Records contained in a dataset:
Segment Open
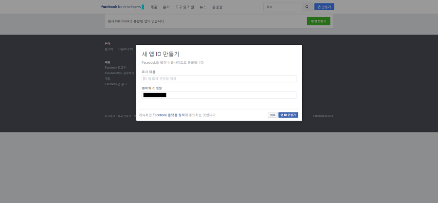 개발자 페이지 (https://developers.facebook.com/apps) 에 접속해보니,
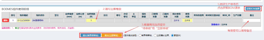 4.选好单号后,按照图中进行操作:先点击右边的“获取BOM清单”,填写“出库卷数”,然后根据情况选择“提交制单待审核”或“提交立即审核”。
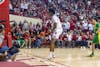 Freshman guard Nevaeh Caffey attacks the basket against Purdue on Feb. 8, 2026, at Simon Skjodt Assembly Hall in Bloomington. The Hoosiers defeated the Boilermakers 74-59 Sunday.
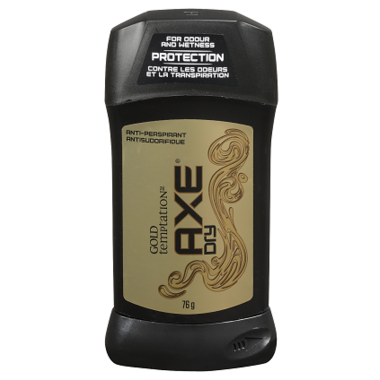 AXE Dry Gold Temptation Anti-Perspirant Invisible Solid has a fresh scent that opens with green citrus fruity notes delicately mixed with a spicy sparkling accord. This fresh start is followed by sugary and appetizing molten chocolate notes and hints of masculine amber. This anti-perspirant features effective 24hr odour and wetness protection.
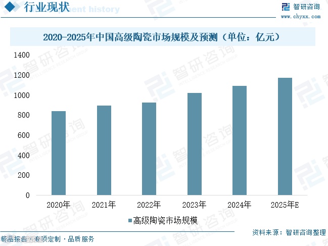 中国高级陶瓷产业已进入高质量发展阶段,作为关键战略材料,在电子、医疗、新能源等领域广泛应用。受5G通信、新能源汽车等终端需求拉动,行业持续增长。2024年市场规模达约1090亿元。尽管高纯粉体、半导体陶瓷等领域仍存在进口依赖,但随着国产替代推进与核心技术突破,固态电池隔膜、车规级电子陶瓷等新兴应用场景快速落地,成为新增长点。预计2025年市场规模将达1167亿元,未来将向智能化、绿色化方向升级,构建全产业链协同创新生态。
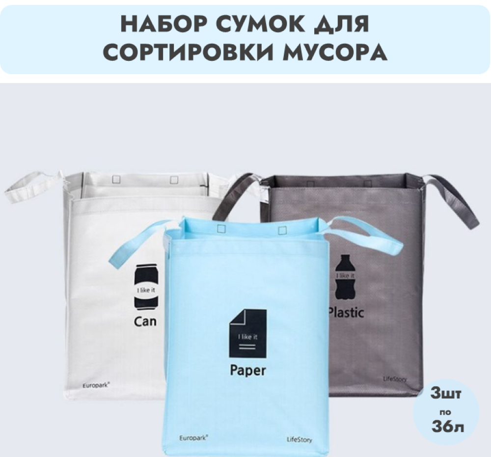 Ниже Вы можете прочитать отзывы на Комплект сумок для раздельного сбора мусора 3 х 36 литров, серый, голубой, темно-серый, ознакомится с подробными характеристиками, посмотреть интересные обзоры и фотографии на Комплект сумок для раздельного сбора мусора 3 х 36 литров, серый, голубой, темно-серый.
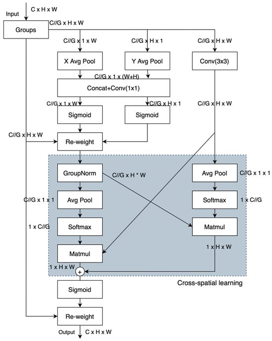 Introduce EMA, an efficient multi-scale attention module that operates without the requirement of dimension reduction. Its core mechanism is to smooth the attention distribution through the exponential moving average method, thereby improving the model’s robustness and generalization ability. This module recalibrates the channel weights in each parallel branch by encoding global information and captures pixel-level relationships [20] through cross-dimensional interactions. EMA is designed to reduce computational overhead while preserving key information from each channel, enhancing the model’s capability to process features effectively. By reorganizing the channel and batch dimensions [21] and leveraging cross-dimensional interactions, the model is able to effectively capture pixel-level relationships, which enables it to excel in focusing on important information within the image. Particularly noteworthy is the structure of the EMA attention mechanism module, as depicted in Figure 4.
Segment Closed
* _Task statement_
Begin at the first line of the data above and repeat each line exactly, stopping after the line containing "AXE Dry Gold". Omit the pictures.

* _Solution for this exercise_
 개발자 페이지 (https://developers.facebook.com/apps) 에 접속해보니,
 4.选好单号后,按照图中进行操作:先点击右边的“获取BOM清单”,填写“出库卷数”,然后根据情况选择“提交制单待审核”或“提交立即审核”。
 Freshman guard Nevaeh Caffey attacks the basket against Purdue on Feb. 8, 2026, at Simon Skjodt Assembly Hall in Bloomington. The Hoosiers defeated the Boilermakers 74-59 Sunday.
 AXE Dry Gold Temptation Anti-Perspirant Invisible Solid has a fresh scent that opens with green citrus fruity notes delicately mixed with a spicy sparkling accord. This fresh start is followed by sugary and appetizing molten chocolate notes and hints of masculine amber. This anti-perspirant features effective 24hr odour and wetness protection.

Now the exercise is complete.